Hallo Arti, toll Dein Schwimmteich, aber hast Du mal an das Laub im Herbst gedacht ??? Ich habe nämlich einen ganzen Wald bei mir in Teichnähe, und jedes Jahr kriege ich Heulkrämpfe bei dem, was da von den Bäumen fällt !!! Aber ich halte schon 12 Jahre tapfer durch
Gruß Jo


----------



## günter-w (30. Juli 2010)

*AW: Darf ich vorstellen: Mein Schwimmteich*

Hallo Christian,
herzlich willkommen bei den Schwimmteichen. hast dir recht viel Mühe gemacht sieht sehr schön aus. Für den Herbst würde ich dir zu einem Laubnetzt raten es erspart dir viel Zeit und Ärger.


----------



## allegra (31. Juli 2010)

*AW: Darf ich vorstellen: Mein Schwimmteich*

   das ist ein sehr schön gelungener Teich - gefällt mir. Laubnetz finde ich eine gute Idee. Steht bei mir auch an und derzeit vergleiche ich alles was da angeboten wird von NG mit der teuren Stütze bis Stütze selber bauen.
 Gruß
Erdmuthe


----------



## arti (1. Aug. 2010)

*AW: Darf ich vorstellen: Mein Schwimmteich*

Im Winter kommt natürlich ein Laubnetz oder irgendetwas Ähnliches über den Teich. Und volle Saugkraft auf den Skimmer


----------



## tague (1. Aug. 2010)

*AW: Darf ich vorstellen: Mein Schwimmteich*

schönen guten morgen,
du hast eine sehr saubere anlage gebaut (fleißig!), aber am letzten bild sieht man einen hund im käfig. darf der nicht in den schönen garten?
mfg
günter


----------



## arti (1. Aug. 2010)

*AW: Darf ich vorstellen: Mein Schwimmteich*

Doch ab und an darf er das auch  Aber zum Thema Zwingerhaltung müssen wir glaube ich das Forum wechseln


----------



## jolantha (1. Aug. 2010)

*AW: Darf ich vorstellen: Mein Schwimmteich*

Hallo, Arti
da wo Dein Zwinger steht, könnte man einen wunderschönen Sitzplatz bauen 
Mein Hund ist auch etwas größer, der weiß gar nicht, was ein Zwinger ist !


----------



## Andholz1 (1. Aug. 2010)

*AW: Darf ich vorstellen: Mein Schwimmteich*

Hallo!
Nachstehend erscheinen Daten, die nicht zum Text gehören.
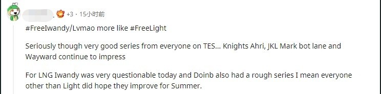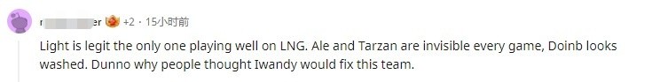 Light是唯一一个在LNG中表现良好的选手。Ale和Tarzan每场比赛都隐身,而Doinb看起来都在划水混日子。不知道为什么人们认为Iwandy会修复好这支队伍。

Sieht wirklich Klasse aus deine Anlage!!! Wie ich sehe hast du sehr viel mit Mörtel gearbeitet? Hast du auf den Grund auch Polygonalplatten in Mörtel verlegt?
Gruß
Andreas


----------



## arti (1. Aug. 2010)

*AW: Darf ich vorstellen: Mein Schwimmteich*

Ja habe auch am Grund Polygonalplatten in Mörtel gesetzt. Bin mal auf den Winter gespannt. 

@Jolantha:
Stimmt könnte man...  Einen schönen Burschen hast du da  Der Hund würde mir auch gefallen. Die Zwingerhaltung hat bei mir auch andere Gründe.


----------



## becca (1. Aug. 2010)

*AW: Darf ich vorstellen: Mein Schwimmteich*

Wow, echt superschön, genau so stell ich mir unseren auch vor, wenn er dann endlich mal fertig ist  Wie das Holz und die Steine angelegt sind, finde ich echt total artistisch und schön! Vielleicht hab ich außerdem Glück und nehme beim Bauen genauso viel ab wie du!


----------



## PeterBoden (1. Aug. 2010)

*AW: Darf ich vorstellen: Mein Schwimmteich*

Hallo arti,

meinen Glückwunsch zu deinem Teich! 

Mich interessiert brennend dein Einstieg, er ist ja in Treppenform, so etwas schwebt mir auch vor. (Vielmehr meiner Frau, also mir)

Bitte schreib mal kurz etwas zu dem Aufbau, ist die Folie komplett darunter? Mit Vlies? Vlies unter der Folie und über der Folie?
Wie dick  ist der Beton wo die Trittsteine befestigt sind usw. usf.

Danke schon einmal!


----------



## arti (2. Aug. 2010)

*AW: Darf ich vorstellen: Mein Schwimmteich*

Hallo Peter,

bei dem Einstieg habe ich viel Wert auf Festigkeit gelegt. D.h. Lehmboden modeliert, mit ca. 10 cm Zementmörtel überdeckt, gut trocknen lassen, 1000g Vlies, 1,5 Folie, 500g Vlies 10 cm Mörtelbett in welches die Natursteine eingelegt wurden und wieder gut trocknen lassen. Habe im gesamten Teich Portlandzement verwendet.


----------



## PeterBoden (2. Aug. 2010)

*AW: Darf ich vorstellen: Mein Schwimmteich*

Danke arti, hast mir geholfen.


----------



## arti (3. Aug. 2010)

*AW: Darf ich vorstellen: Mein Schwimmteich*

Das freut mich


----------